**What to do**. Starting at the first line of the entries below, restate each line exactly until you reach the line with "该网站提供四项服务:全面梳理、自助洗狗、洗和吹干以及身体和爪子按摩。", and print that one too. Leave the pictures out and stop there.

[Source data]

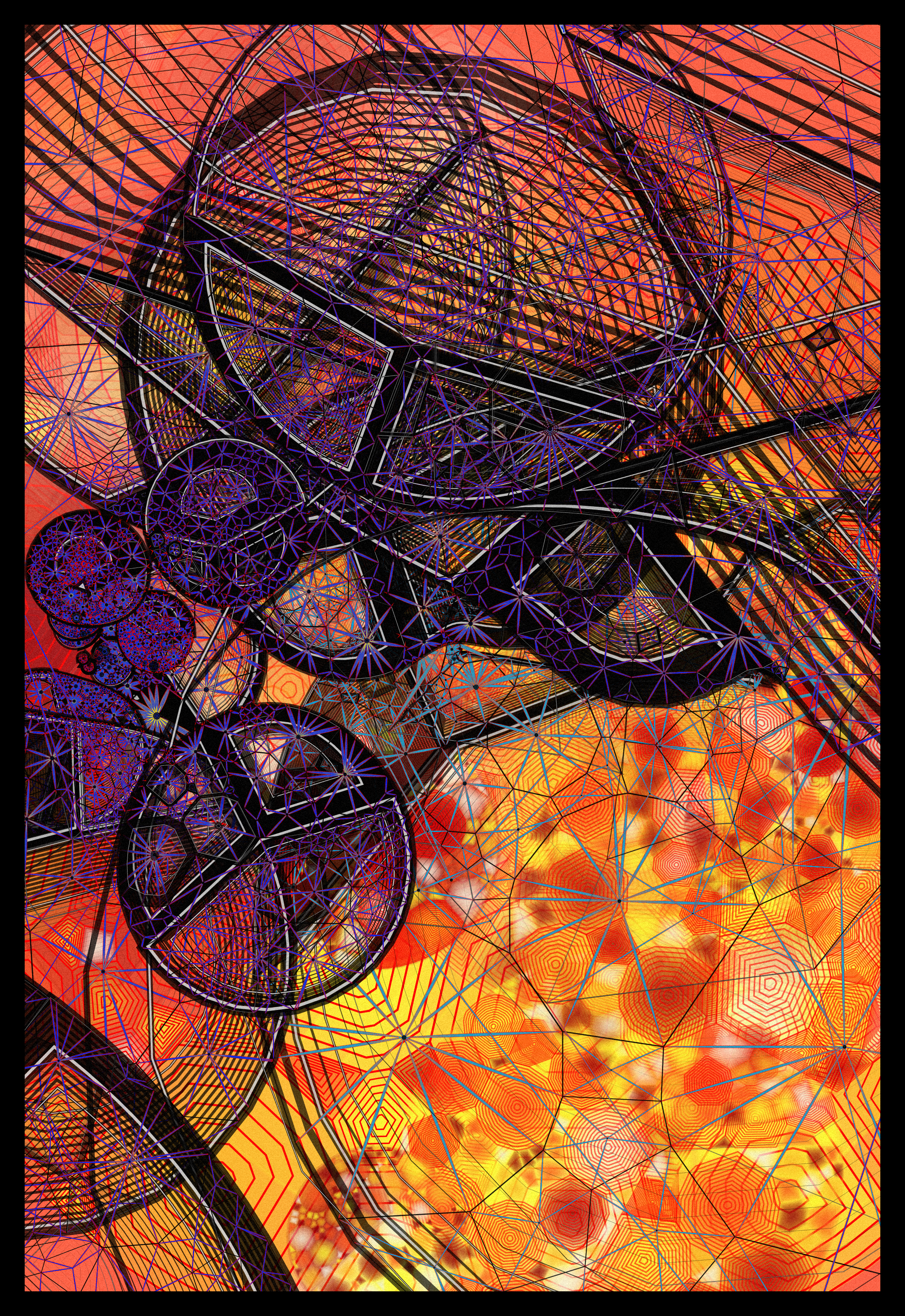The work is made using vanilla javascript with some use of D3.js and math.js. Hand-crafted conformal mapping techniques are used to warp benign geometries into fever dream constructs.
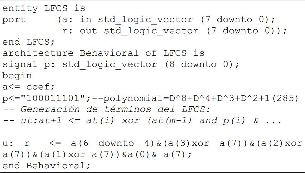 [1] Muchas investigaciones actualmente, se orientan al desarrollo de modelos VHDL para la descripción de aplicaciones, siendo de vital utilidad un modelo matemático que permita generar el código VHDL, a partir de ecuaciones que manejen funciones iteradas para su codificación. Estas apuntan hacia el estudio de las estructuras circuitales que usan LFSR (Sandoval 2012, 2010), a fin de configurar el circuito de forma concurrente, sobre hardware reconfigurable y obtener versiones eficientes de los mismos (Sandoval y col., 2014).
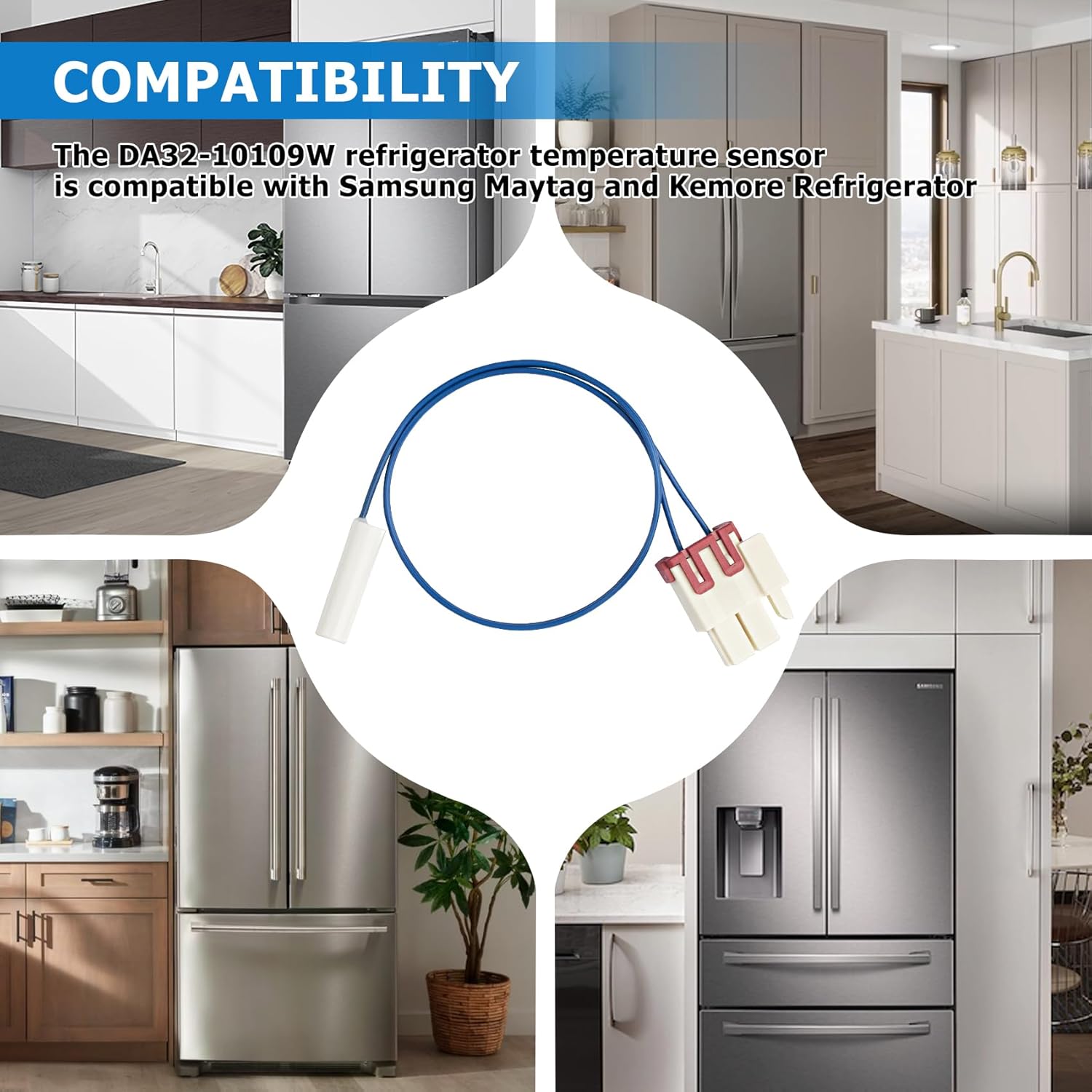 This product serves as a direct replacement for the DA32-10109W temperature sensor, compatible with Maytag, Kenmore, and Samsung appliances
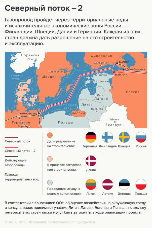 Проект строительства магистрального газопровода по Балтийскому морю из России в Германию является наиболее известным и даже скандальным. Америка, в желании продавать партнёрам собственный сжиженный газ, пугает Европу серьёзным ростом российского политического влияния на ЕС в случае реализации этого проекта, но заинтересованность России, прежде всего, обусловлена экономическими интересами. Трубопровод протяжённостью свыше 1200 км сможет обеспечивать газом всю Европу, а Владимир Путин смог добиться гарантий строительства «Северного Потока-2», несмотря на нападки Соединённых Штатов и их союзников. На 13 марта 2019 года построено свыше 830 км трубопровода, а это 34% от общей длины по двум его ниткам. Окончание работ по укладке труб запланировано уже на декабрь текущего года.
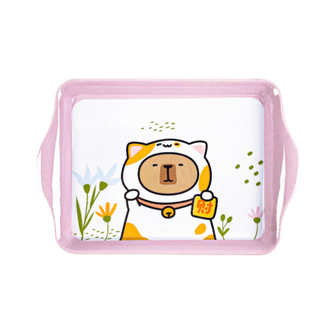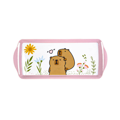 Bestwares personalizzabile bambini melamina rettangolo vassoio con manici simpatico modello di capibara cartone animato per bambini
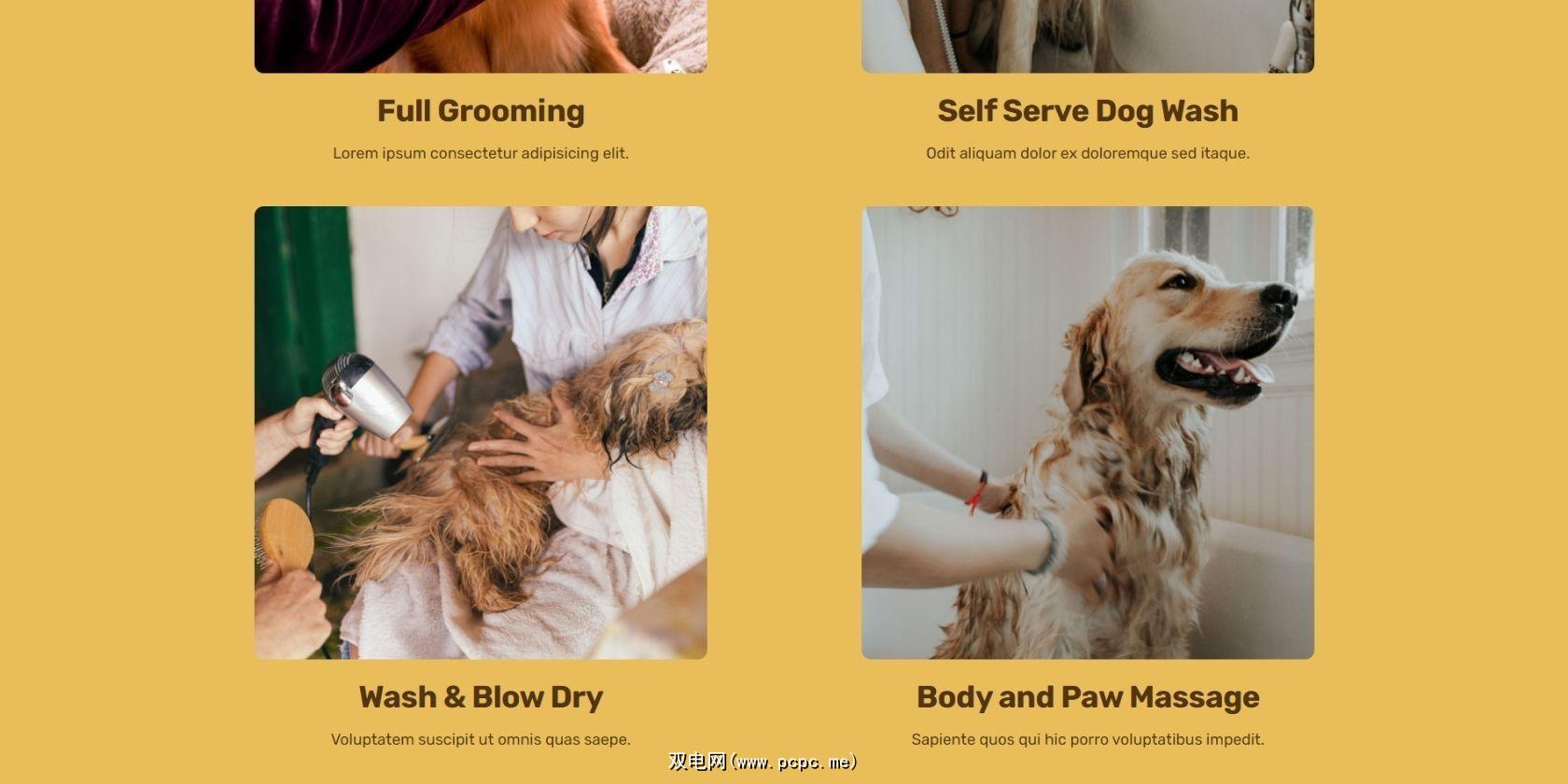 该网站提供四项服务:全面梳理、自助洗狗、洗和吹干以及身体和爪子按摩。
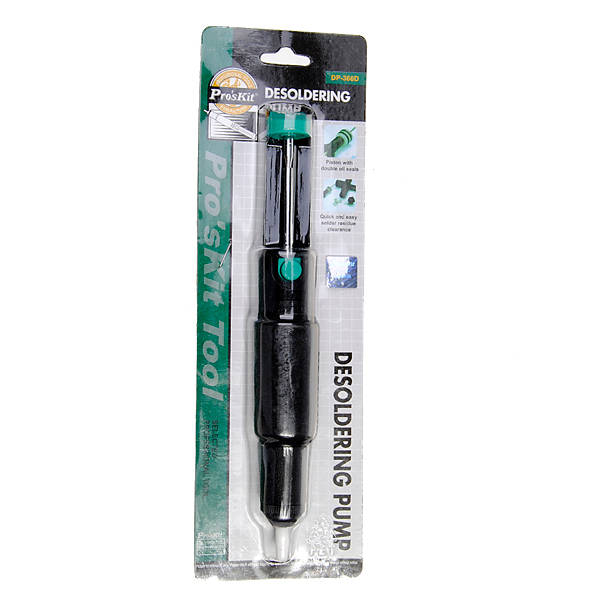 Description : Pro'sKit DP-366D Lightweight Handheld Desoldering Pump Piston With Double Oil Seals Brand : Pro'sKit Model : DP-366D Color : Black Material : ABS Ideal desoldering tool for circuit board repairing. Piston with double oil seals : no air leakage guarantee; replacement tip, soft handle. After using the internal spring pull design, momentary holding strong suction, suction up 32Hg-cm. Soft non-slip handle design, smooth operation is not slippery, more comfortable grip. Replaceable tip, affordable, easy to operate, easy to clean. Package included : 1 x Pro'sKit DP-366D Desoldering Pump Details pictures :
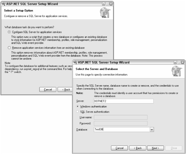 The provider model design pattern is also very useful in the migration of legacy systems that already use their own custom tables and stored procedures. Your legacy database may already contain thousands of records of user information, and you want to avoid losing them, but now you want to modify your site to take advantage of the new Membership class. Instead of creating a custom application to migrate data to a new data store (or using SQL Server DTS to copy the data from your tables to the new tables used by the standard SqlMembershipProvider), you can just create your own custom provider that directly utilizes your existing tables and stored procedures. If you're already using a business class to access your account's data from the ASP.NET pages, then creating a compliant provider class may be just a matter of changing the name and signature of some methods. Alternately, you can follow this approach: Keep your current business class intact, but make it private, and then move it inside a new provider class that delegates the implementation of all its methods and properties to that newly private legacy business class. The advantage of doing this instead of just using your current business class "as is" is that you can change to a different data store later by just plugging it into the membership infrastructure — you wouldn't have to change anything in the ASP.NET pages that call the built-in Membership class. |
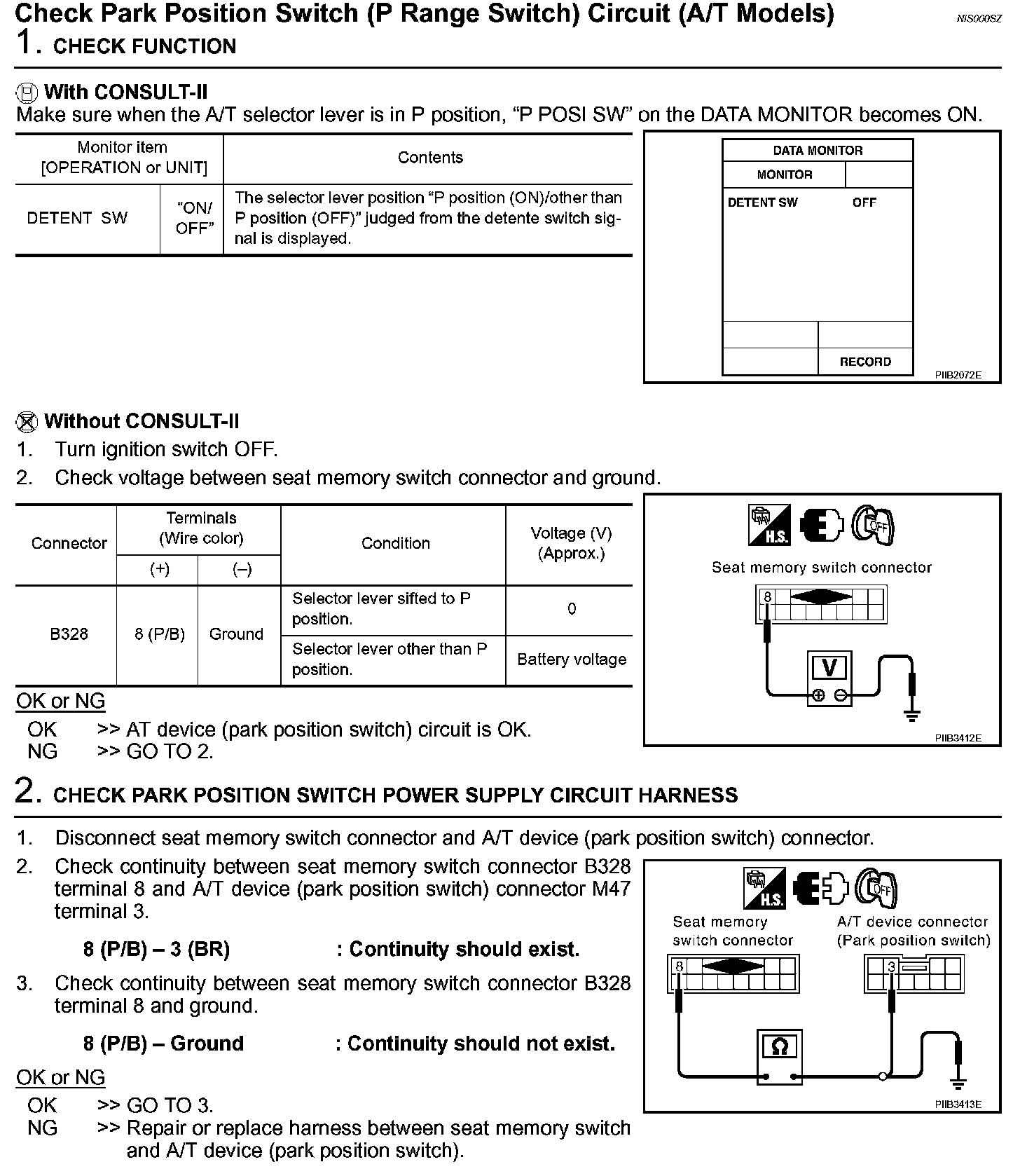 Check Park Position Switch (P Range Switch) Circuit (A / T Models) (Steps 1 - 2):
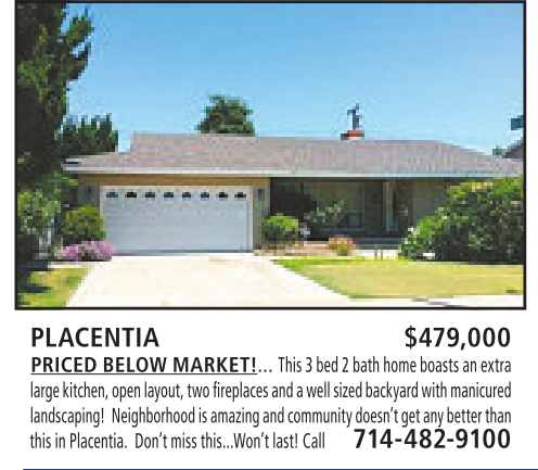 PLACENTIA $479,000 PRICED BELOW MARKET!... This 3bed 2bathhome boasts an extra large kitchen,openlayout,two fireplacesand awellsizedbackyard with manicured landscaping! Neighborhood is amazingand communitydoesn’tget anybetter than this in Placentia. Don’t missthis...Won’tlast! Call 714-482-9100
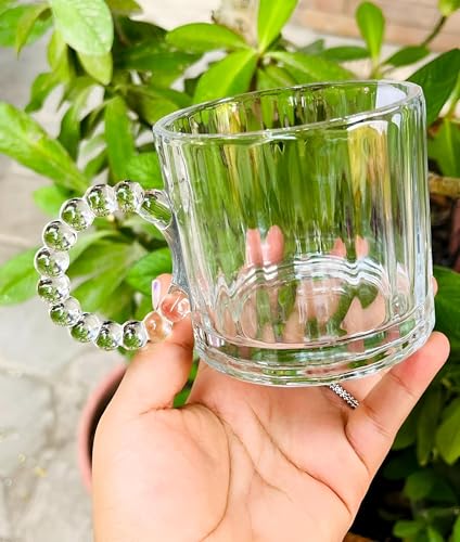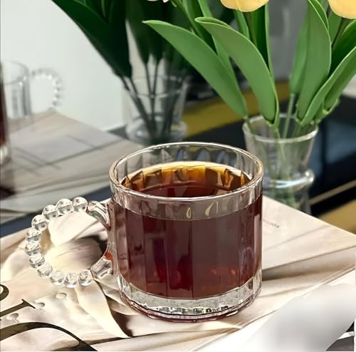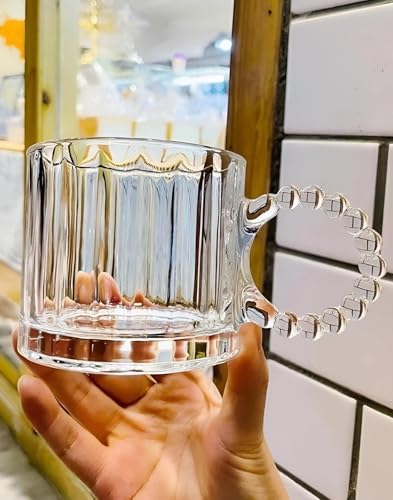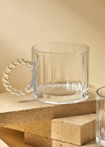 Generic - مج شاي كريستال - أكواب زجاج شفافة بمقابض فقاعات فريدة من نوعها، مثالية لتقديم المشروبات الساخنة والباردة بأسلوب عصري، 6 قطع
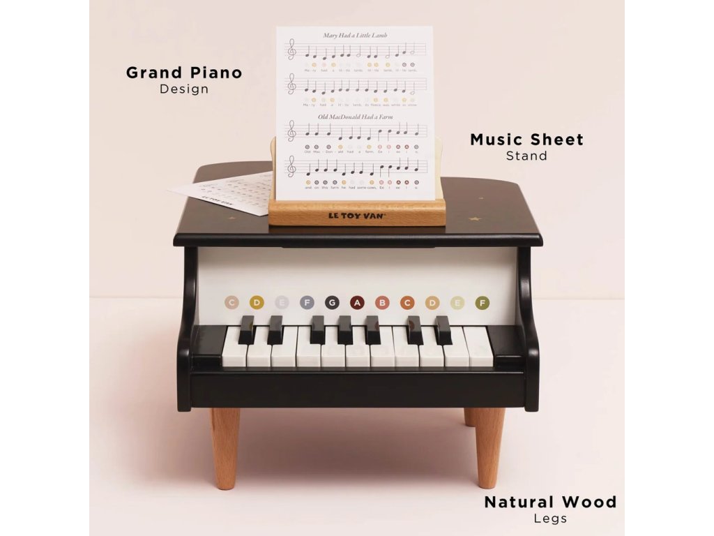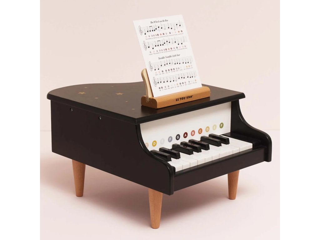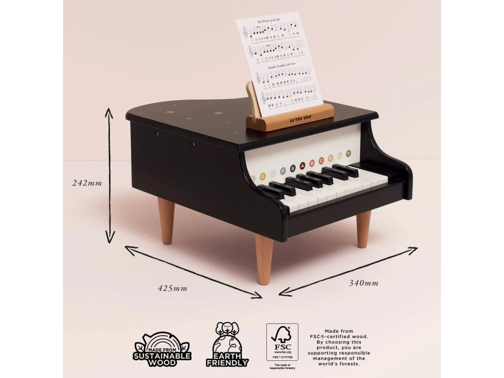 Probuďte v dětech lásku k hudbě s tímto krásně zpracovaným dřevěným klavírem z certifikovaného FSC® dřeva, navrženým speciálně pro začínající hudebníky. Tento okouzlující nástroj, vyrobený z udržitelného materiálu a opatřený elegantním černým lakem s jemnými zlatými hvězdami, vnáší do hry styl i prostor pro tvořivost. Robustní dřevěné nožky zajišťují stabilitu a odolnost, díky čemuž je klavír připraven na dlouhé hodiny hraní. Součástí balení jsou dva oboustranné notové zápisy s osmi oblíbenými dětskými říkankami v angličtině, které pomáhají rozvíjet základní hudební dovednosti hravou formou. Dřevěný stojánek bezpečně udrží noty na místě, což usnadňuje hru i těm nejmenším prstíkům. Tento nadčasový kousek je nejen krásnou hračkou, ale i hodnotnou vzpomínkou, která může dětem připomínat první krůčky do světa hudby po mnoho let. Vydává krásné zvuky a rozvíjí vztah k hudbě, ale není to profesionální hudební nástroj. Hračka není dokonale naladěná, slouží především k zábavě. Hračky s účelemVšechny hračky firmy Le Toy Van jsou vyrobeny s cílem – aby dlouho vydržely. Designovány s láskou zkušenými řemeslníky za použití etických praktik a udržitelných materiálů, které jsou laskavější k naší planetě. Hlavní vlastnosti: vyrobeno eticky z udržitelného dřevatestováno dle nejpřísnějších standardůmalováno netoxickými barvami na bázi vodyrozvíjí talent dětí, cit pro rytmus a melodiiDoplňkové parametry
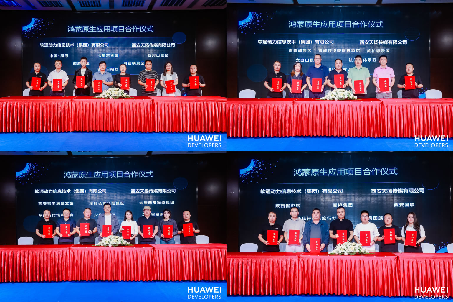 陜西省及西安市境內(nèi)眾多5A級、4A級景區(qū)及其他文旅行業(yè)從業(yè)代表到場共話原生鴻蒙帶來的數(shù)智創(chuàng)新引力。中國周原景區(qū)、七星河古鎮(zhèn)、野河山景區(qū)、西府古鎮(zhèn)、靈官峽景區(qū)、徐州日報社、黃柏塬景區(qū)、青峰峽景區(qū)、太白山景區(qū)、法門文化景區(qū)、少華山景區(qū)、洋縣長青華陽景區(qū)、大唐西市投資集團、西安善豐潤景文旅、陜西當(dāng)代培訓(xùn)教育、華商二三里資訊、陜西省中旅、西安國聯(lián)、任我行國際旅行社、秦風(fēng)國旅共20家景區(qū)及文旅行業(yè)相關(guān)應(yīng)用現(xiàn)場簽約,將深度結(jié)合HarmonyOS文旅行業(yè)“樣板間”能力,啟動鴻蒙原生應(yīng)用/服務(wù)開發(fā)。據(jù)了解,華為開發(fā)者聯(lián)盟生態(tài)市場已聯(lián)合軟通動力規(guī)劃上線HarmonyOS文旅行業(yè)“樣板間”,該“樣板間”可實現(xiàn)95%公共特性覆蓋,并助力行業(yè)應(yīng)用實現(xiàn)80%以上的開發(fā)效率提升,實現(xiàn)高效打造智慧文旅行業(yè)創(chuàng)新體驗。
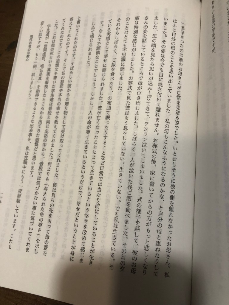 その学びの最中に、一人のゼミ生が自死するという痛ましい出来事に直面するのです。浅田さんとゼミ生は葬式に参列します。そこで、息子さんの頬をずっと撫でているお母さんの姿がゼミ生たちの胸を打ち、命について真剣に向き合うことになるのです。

**Worked solution**.
The work is made using vanilla javascript with some use of D3.js and math.js. Hand-crafted conformal mapping techniques are used to warp benign geometries into fever dream constructs.
 [1] Muchas investigaciones actualmente, se orientan al desarrollo de modelos VHDL para la descripción de aplicaciones, siendo de vital utilidad un modelo matemático que permita generar el código VHDL, a partir de ecuaciones que manejen funciones iteradas para su codificación. Estas apuntan hacia el estudio de las estructuras circuitales que usan LFSR (Sandoval 2012, 2010), a fin de configurar el circuito de forma concurrente, sobre hardware reconfigurable y obtener versiones eficientes de los mismos (Sandoval y col., 2014).
 This product serves as a direct replacement for the DA32-10109W temperature sensor, compatible with Maytag, Kenmore, and Samsung appliances
 Проект строительства магистрального газопровода по Балтийскому морю из России в Германию является наиболее известным и даже скандальным. Америка, в желании продавать партнёрам собственный сжиженный газ, пугает Европу серьёзным ростом российского политического влияния на ЕС в случае реализации этого проекта, но заинтересованность России, прежде всего, обусловлена экономическими интересами. Трубопровод протяжённостью свыше 1200 км сможет обеспечивать газом всю Европу, а Владимир Путин смог добиться гарантий строительства «Северного Потока-2», несмотря на нападки Соединённых Штатов и их союзников. На 13 марта 2019 года построено свыше 830 км трубопровода, а это 34% от общей длины по двум его ниткам. Окончание работ по укладке труб запланировано уже на декабрь текущего года.
 Bestwares personalizzabile bambini melamina rettangolo vassoio con manici simpatico modello di capibara cartone animato per bambini
 该网站提供四项服务:全面梳理、自助洗狗、洗和吹干以及身体和爪子按摩。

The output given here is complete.